UNM Hospital Pediatric Cardiology Clinic making a difference
Echocardiography technician Monica Apodaca speaks soothingly as she applies electronic leads to the little girl’s chest to prepare her for an exam.
“Are you ready, sweetie?” Apodaca asks the whimpering child. “We’re just going to hook you up. No owwies, I promise.”
With the overhead lights dimmed, the exam room at the University of New Mexico Children’s Heart Institute is bathed in a purple glow from the aquarium in the corner. The animated film “Big Hero 6” is playing on a screen in the corner (children’s videos are an important tool in keeping young patients calm).
“Yay! All done!” Apodaca says, at last. “Now we’re going to take some pictures of your heart.”
It’s a typical Monday morning in the pediatric cardiology clinic at UNM Hospital. Parents from all over New Mexico bring their children here to be seen for a host of heart problems – including congenital defects like holes in the heart, under-developed heart chambers or blocked valves.
“There are some things that are very common in the Southwest,” says Vernat Exil, MD, the affable, bowtie-wearing division chair, who came to UNM last August from Vanderbilt University.
“We have a lot of moms with diabetes,” which can cause complications for the baby, Exil explains. “We are seeing a lot of kids that are being referred to us because they have obesity, high blood pressure and poor diet.”
The busy cardiology practice sees a wide range of patients, from newborns through age 18 – and sometimes beyond, Exil says.
“One of the things we want to be as a division is to not only have the ability to see these kids, but to always ask the question, ‘Can we make a difference as cardiologists?’”
That mindset drives a commitment to serve everyone in the state, Exil says. The aim is to provide the highest level of care so that New Mexicans don’t have to travel out of state to have their needs met.
UNM’s doctors also see patients in Santa Fe and on Albuquerque’s West Side, as well as in Farmington, Gallup and Las Cruces – and they provide consults for health care providers statewide. The pediatric clinic also recently introduced a surgical program in conjunction with the Division of Cardiothoracic Surgery. Care is provided to everyone, regardless of their ability to pay.

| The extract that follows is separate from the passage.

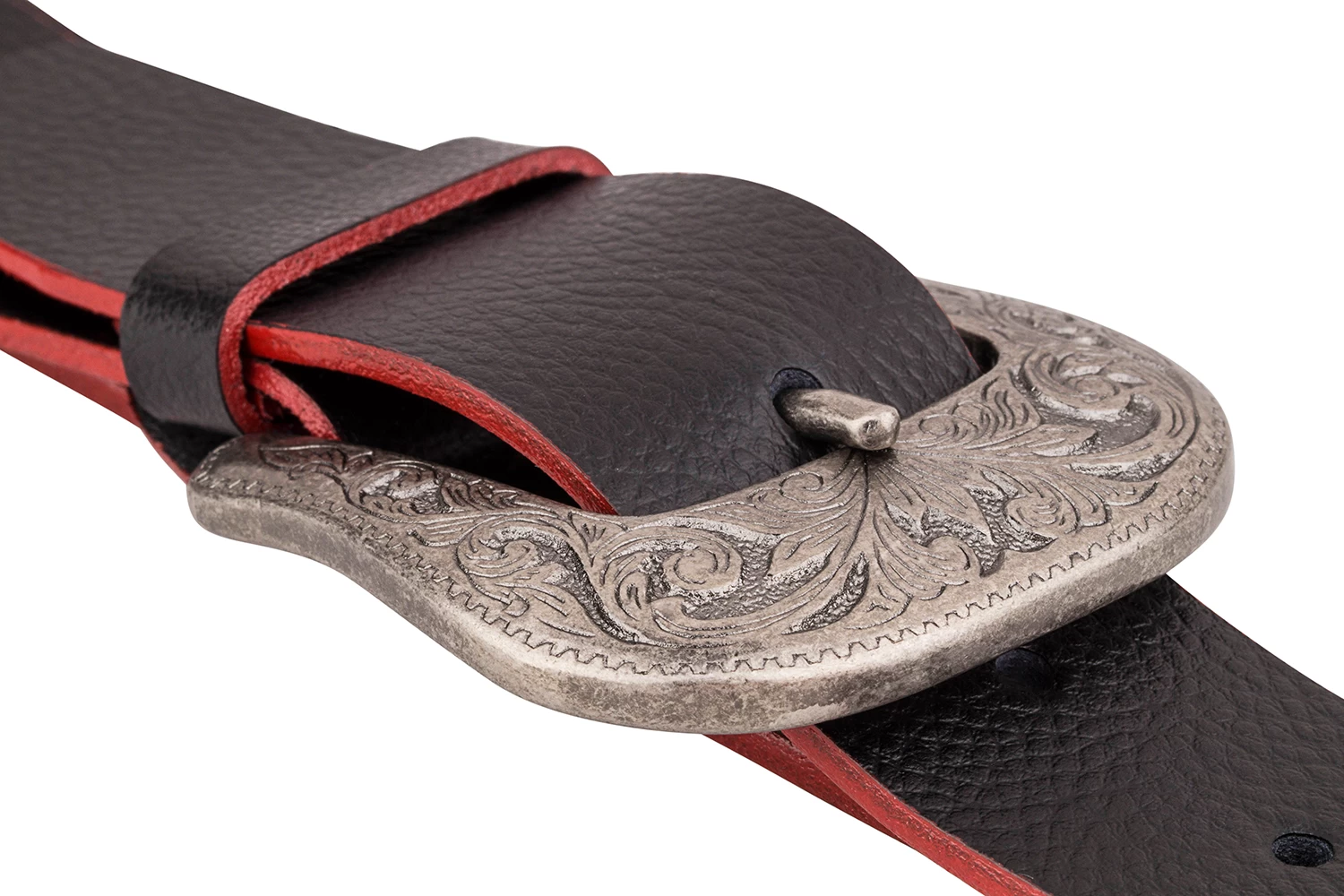 The cowhide black leather used to craft this belt makes it twice as thick and tough as most standard leather belts. This cowboy leather belt strap is handcrafted from genuine cow hide leather to create a thick and tough belt strap. No stitching or gluing is required for this belt for men as nothing can fall apart. This men’s western belt works great for formal and semi-formal outfits as well as tailored pants. The cowhide leather belt also features a point snap systems that securely locks in the buckle to ensure perfect fit and comfort. The vintage buckle featured on this piece is sure to pull your outfit with luxurious style.
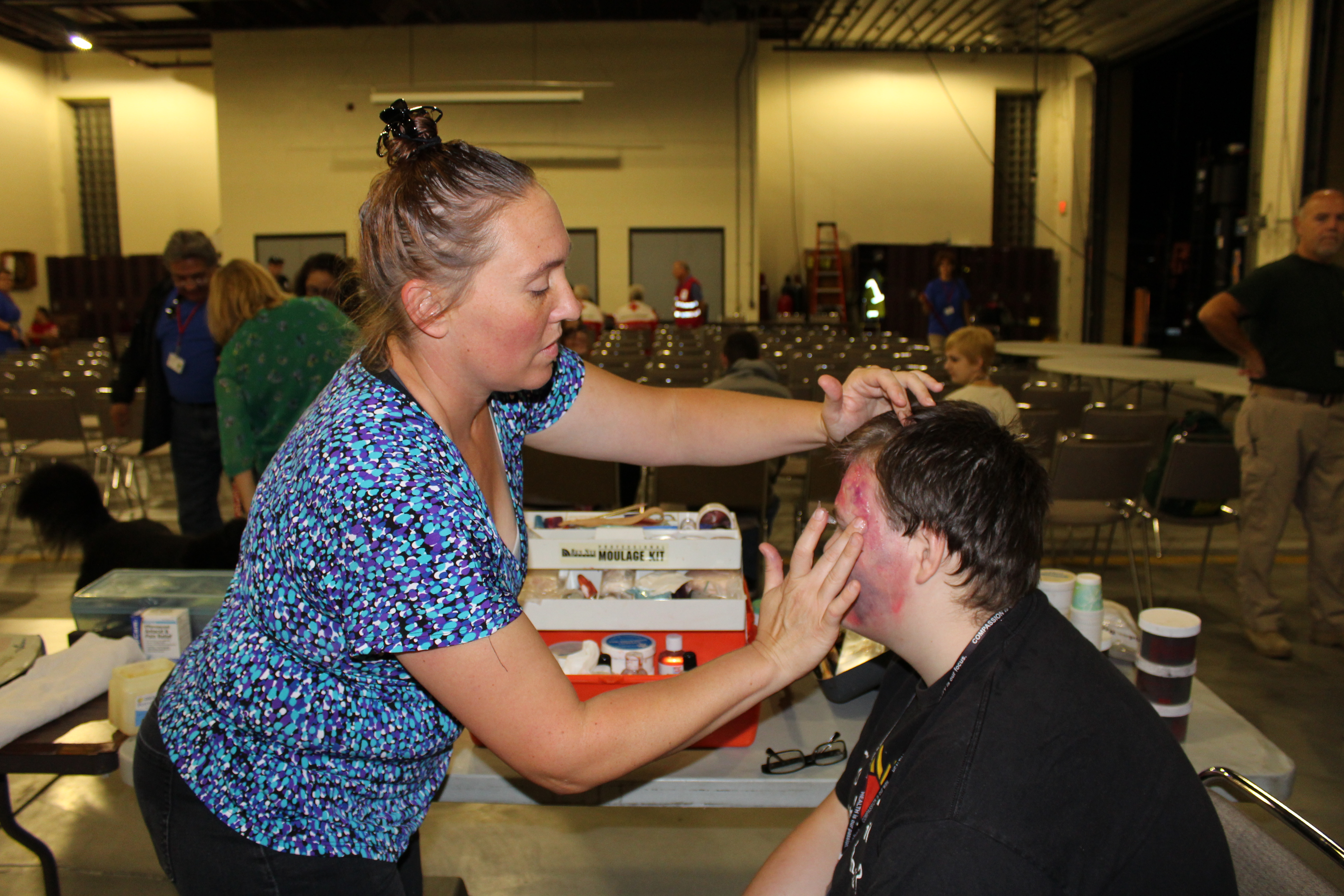 Moulage Published October 8, 2015 at 5184 × 3456 in New Disaster Ops Chief Brings Wealth of Experience To Region Community Volunteer Colleen Drews prepares a “victim”

“Our mission is to see the sick and the poor,” Exil says. “Whoever shows up at our door, we care for.”
The division runs on a shoestring, with a relatively small staff housed in cramped quarters on the hospital’s third floor.
“We have a vision, we have a desire, but we are limited by resources,” Exil says, adding that a plan is underway to convert the doctor’s offices in the suite to additional exam rooms.
“The priority is the patient,” he says. “The vision is driven by the needs of the community. The patients come here and they love the place. Our response is, ‘Let us serve them. Let us provide them what they came here for.’”
In another room, 5-year-old Grady Sullivan lies shirtless on the exam table as echo tech Laura Pinette moves the echocardiography wand over his chest under the watchful gaze of Dr. Beth Goens.
The crew-cut redhead had been complaining of chest pains while exercising, says his mother, Courtney Aronowsky, who calmly watches the exam. He’s been referred here just to rule out the possibility of a heart problem.
“He’s healthy – there’s nothing wrong,” she says.
“This looks gorgeous,” Goens says as she looks over Pinette’s shoulder at the cloudy, pulsating image on the screen. “We’re looking at all the coronary arteries, and they’re fine.”
After studying the screen for a few more minutes, Goens isn’t sure why Grady reported chest pains, but she’s not concerned.
“We never tell you what it is,” she reassures Aronowsky, “but we tell you what it isn’t. It’s nothing that worries me.” Grady is cleared to resume all activities.
As the mother and son finish checking out, Exil says it’s important to set parents’ minds at ease as quickly as possible. “One of the first things parents tell us is, ‘Thank you for seeing us right away,’” he says. “They’re worried about their baby.”
And even when young patients have serious problems, their parents can rest assured their children are receiving the best possible care close to home from caring, highly skilled professionals.
“We handle complex problems,” Exil says. “We don’t have the option of sending people elsewhere.”